WHAT IS REQUIRED — If a line below contains "Figure", count it. Report the final total and nothing more.

:: DATASET ENTRIES ::

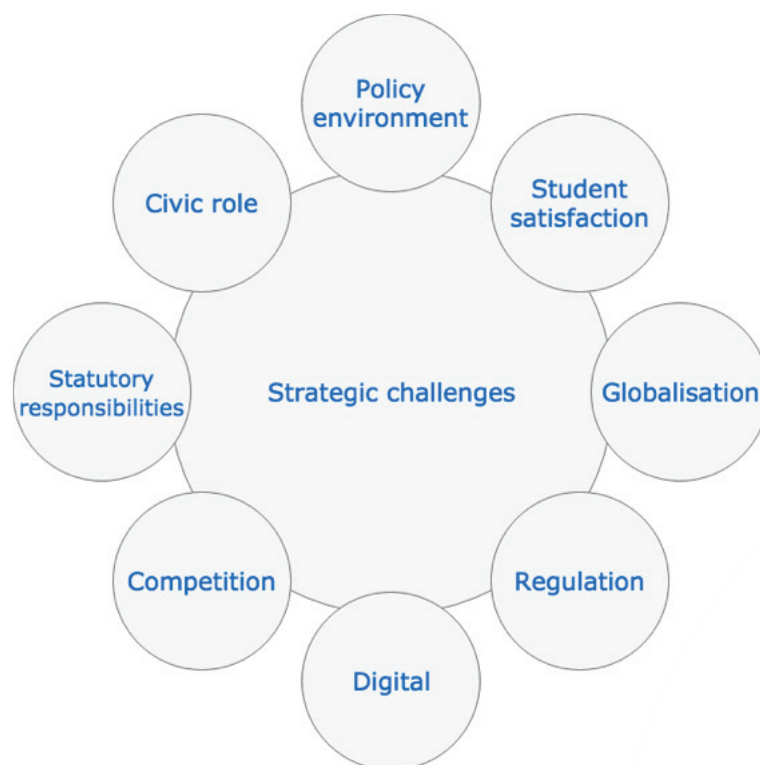
Figure 1: Key higher education strategic issues

Despite this, there was confidence in the ability of institutions to rise to these challenges. In particular, the survey revealed that:
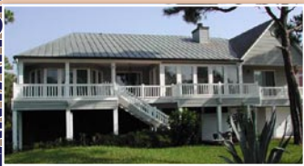
MLS# 238824 ... $439,500

ST. GEORGE PLANTATION Located on Blueberry Rd, open, gourmet kitchen, just off the large living room with fireplace is a cozy sunroom, huge master bedroom with HIS and HERS (with sunken tub) bathrooms. (Total 3 BR, 3 BA), screened verandah, game room and LOTS of storage. One-acre lot is attractively landscaped.
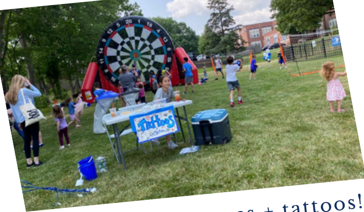
Soccer darts + games + tattoos!
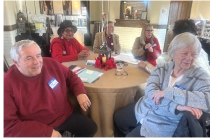
Holiday Luncheon in December
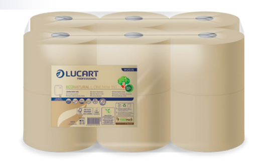
L-One Mini Dispenser

The Toilet Tissue That Delivers a Single Sheet Every Time. Save Paper, Save Storage, Save Money Code 812506 12 roll x 180 metre per roll 2 ply, 800 sheets per roll
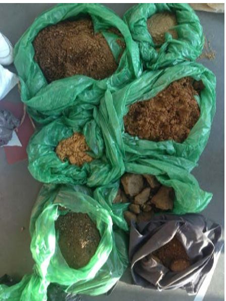
Figure 14 London Fog #03779 by Fujiko Nakaya

This experience has also aspired to picture the void by intensifying our awareness of it and to illustrate the physical presence of light in space by immersing the visitors in the complete void, lacking any other presence but that of the human bodies, light and air. Using a single module, BIG's 2016 Serpentine Pavilion created the illusion that one is in a different space observing from every new angle. In the White Cube gallery, artist Larry Bell also plays with spatial
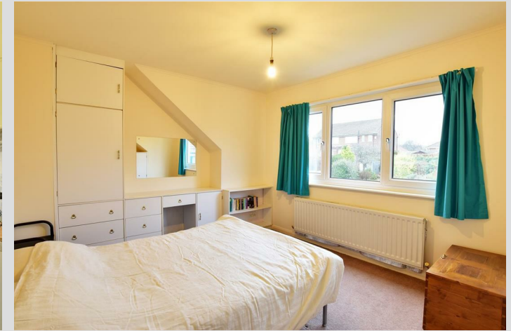
Bedroom 3 (rear) 11'0" x 14'3"

UPVC double glazed windows to rear overlooking gardens, double radiator, fitted wardrobes, drawers and dressing table.
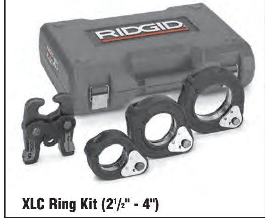
XLC Ring Kit (2 1/2" - 4")
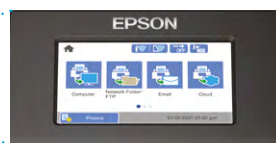
4.3" Touch panel LCD
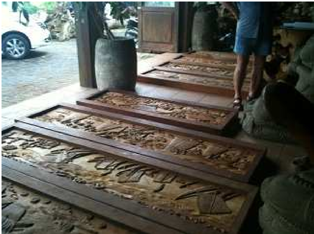
Finishing the Main Lanai “Grand Saga” Panels
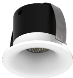
MATT WHITE (PAINTABLE BEZEL)
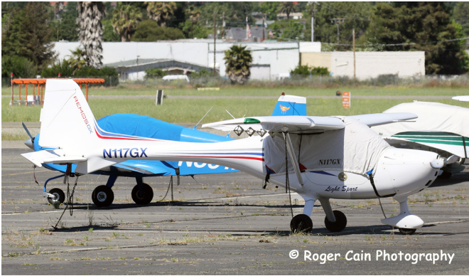
Remos GX Canopy Cover

This cover type is made from Silver Acrylic Sunbrella canvas and is 100% lined with a soft and smooth microfiber. Bruce's Custom Covers developed this material combination especially for aircraft protection. The outer material is medium weight and treated for water resistance, UV resistance and anti-static buildup. The inner lining is a very soft and smooth microfiber to prevent scratching. The material is very reflective, and tests show that the cabin interior temperature can be reduced to near-ambient temperature on the hottest of days. It is water, ice and snow repellent, yet breathable to allow moisture to escape from between the cover and the aircraft surface.

:::

RESULT OF THIS EXERCISE — 2